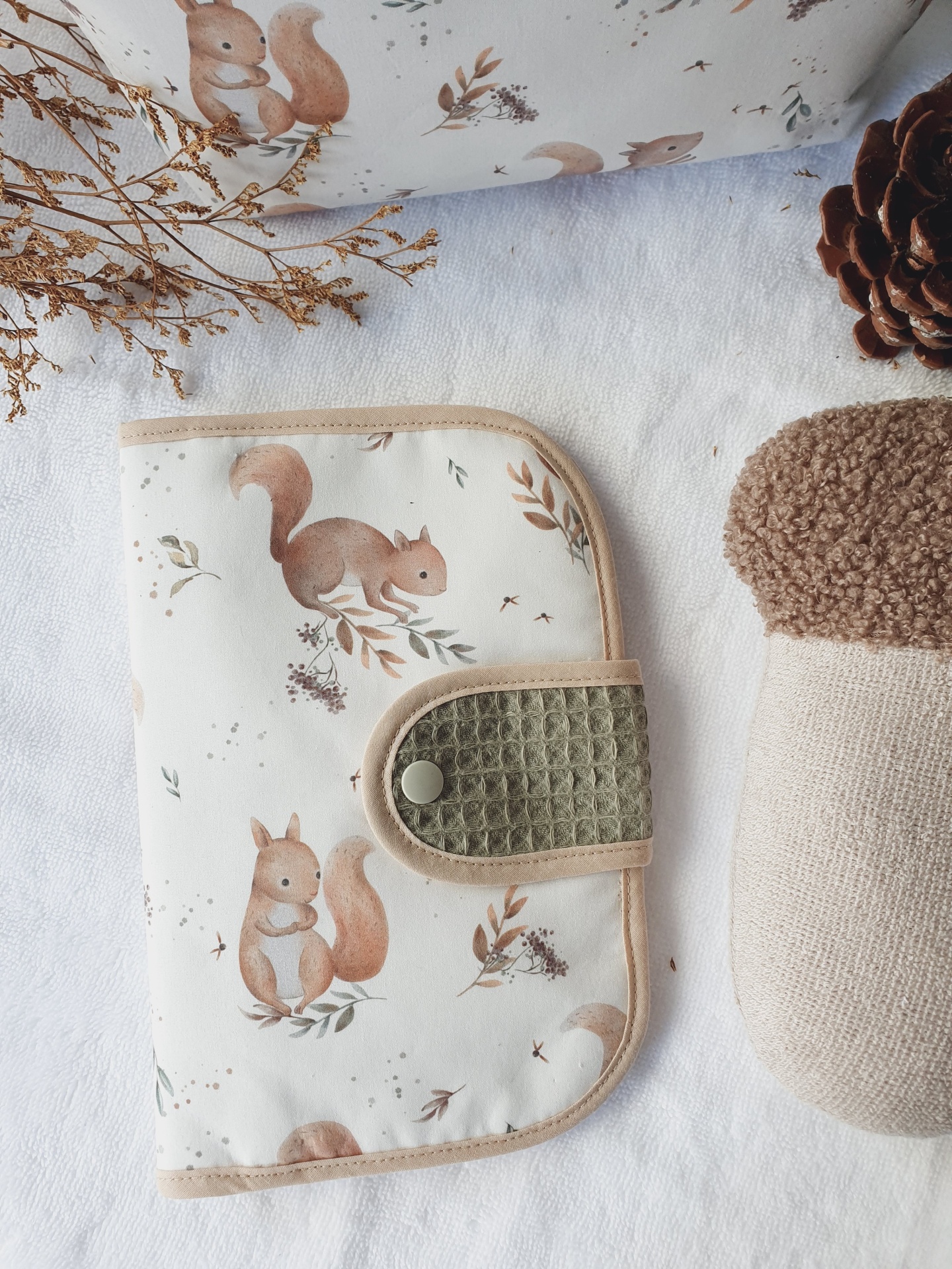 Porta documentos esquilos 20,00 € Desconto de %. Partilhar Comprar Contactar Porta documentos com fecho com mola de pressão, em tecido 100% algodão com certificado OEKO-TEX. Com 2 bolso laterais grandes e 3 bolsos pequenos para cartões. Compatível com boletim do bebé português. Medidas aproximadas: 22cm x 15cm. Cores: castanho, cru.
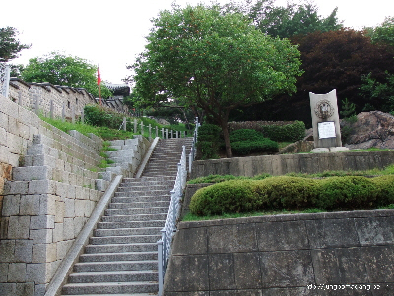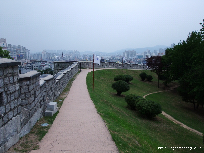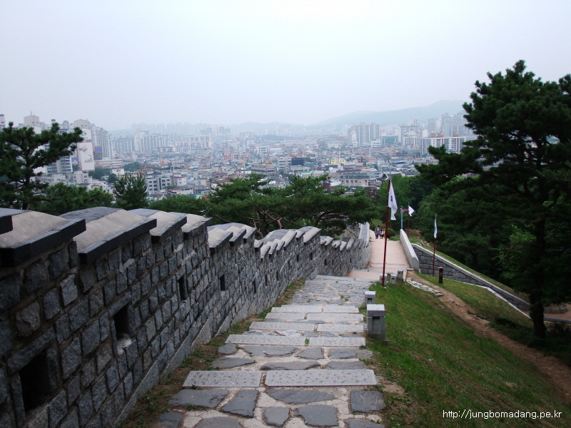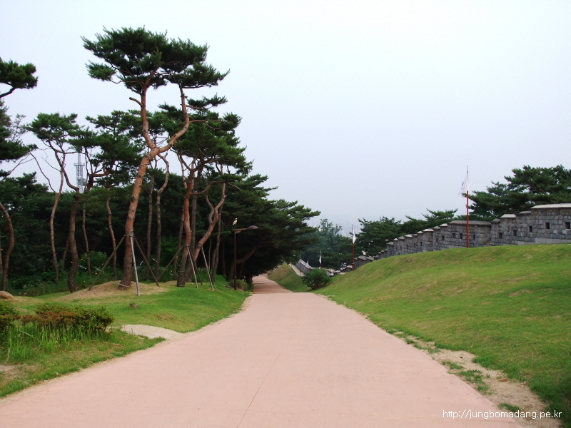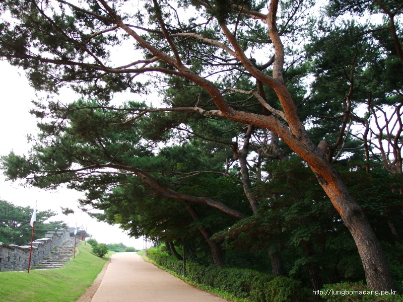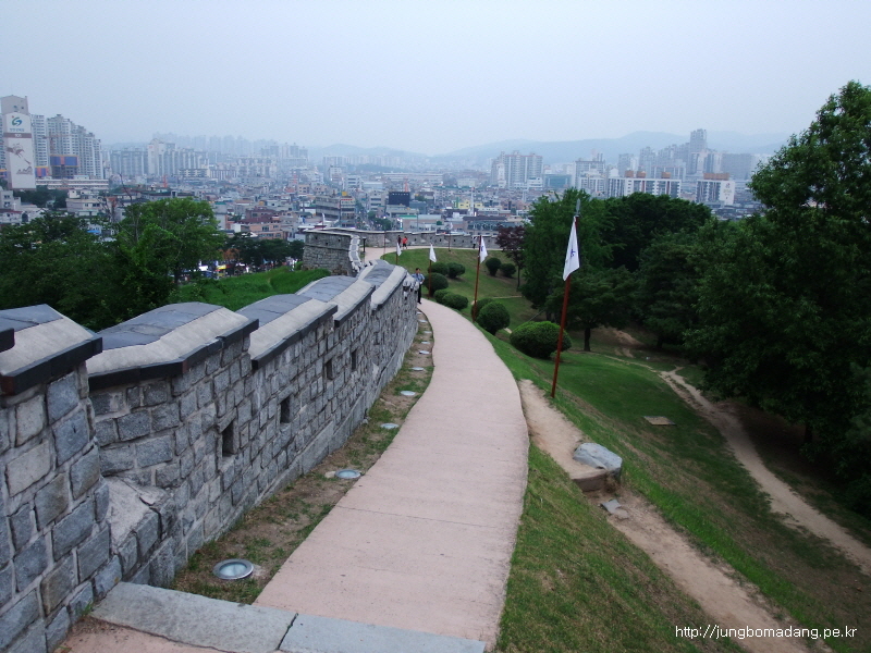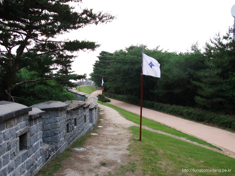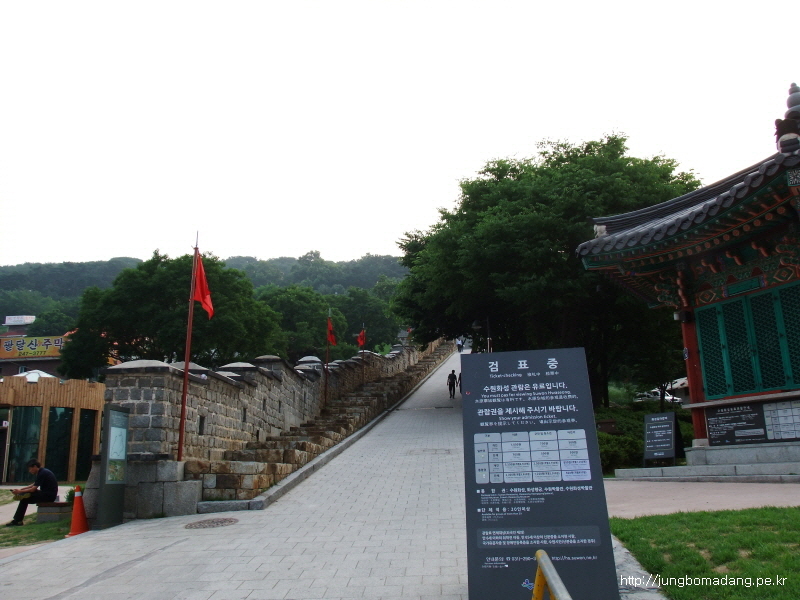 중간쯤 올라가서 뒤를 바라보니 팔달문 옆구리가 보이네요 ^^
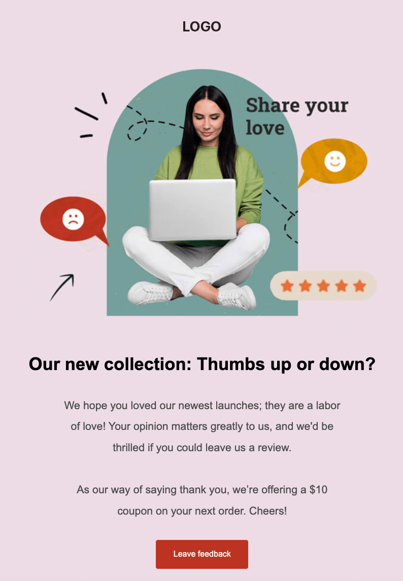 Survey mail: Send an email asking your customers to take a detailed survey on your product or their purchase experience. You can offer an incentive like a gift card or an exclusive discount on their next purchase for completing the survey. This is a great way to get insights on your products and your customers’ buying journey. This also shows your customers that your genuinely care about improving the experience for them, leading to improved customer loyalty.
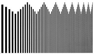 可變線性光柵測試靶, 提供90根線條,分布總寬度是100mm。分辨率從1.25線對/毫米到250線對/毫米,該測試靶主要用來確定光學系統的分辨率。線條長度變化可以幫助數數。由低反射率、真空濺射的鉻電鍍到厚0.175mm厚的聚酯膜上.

---

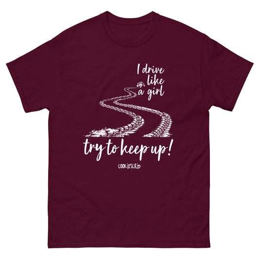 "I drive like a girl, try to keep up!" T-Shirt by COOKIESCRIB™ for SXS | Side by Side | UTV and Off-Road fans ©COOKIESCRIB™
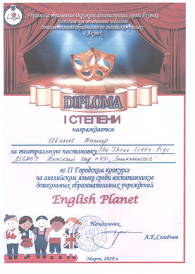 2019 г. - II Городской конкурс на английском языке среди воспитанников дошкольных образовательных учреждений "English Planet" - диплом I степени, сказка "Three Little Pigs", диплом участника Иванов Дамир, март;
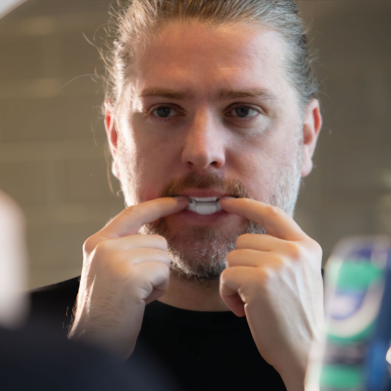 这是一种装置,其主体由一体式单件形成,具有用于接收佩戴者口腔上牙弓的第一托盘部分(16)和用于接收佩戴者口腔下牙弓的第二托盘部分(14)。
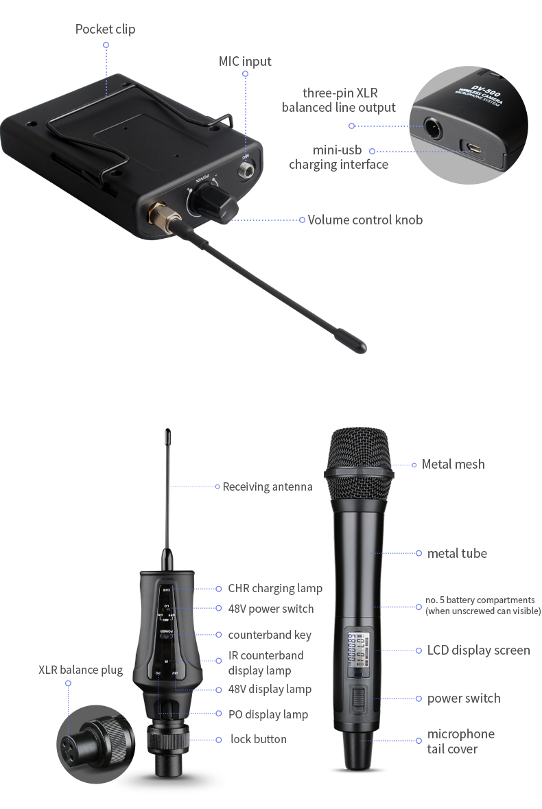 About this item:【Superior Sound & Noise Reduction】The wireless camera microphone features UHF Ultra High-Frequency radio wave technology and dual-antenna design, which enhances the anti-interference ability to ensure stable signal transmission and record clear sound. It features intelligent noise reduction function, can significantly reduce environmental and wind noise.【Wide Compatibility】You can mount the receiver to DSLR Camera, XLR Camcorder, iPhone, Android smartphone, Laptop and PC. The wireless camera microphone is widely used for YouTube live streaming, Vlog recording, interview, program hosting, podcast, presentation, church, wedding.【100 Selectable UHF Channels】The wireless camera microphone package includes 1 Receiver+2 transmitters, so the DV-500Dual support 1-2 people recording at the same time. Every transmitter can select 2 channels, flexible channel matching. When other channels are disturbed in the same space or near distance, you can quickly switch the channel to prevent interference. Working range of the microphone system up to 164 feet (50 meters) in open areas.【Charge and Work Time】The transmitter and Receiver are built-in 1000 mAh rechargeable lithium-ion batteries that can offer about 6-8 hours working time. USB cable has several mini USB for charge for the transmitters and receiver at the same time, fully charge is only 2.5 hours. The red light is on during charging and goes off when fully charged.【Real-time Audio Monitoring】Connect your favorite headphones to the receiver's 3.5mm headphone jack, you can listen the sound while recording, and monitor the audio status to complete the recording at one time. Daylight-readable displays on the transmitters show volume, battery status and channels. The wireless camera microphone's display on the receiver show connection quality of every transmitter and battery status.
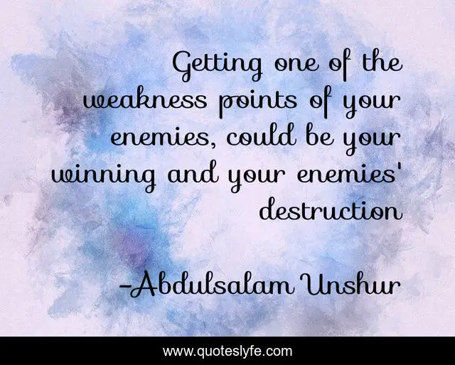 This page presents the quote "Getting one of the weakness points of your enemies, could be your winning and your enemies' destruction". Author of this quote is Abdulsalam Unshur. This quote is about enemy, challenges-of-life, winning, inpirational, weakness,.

# Task requirements:
Where a picture appears in the records above, omit it, and transcribe exactly the stretch of lines from the one with "Off-Road fans ©COOKIESCRIB™" through the one with "这是一种装置,其主体由一体式".

# Completed exercise:
 "I drive like a girl, try to keep up!" T-Shirt by COOKIESCRIB™ for SXS | Side by Side | UTV and Off-Road fans ©COOKIESCRIB™
 2019 г. - II Городской конкурс на английском языке среди воспитанников дошкольных образовательных учреждений "English Planet" - диплом I степени, сказка "Three Little Pigs", диплом участника Иванов Дамир, март;
 这是一种装置,其主体由一体式单件形成,具有用于接收佩戴者口腔上牙弓的第一托盘部分(16)和用于接收佩戴者口腔下牙弓的第二托盘部分(14)。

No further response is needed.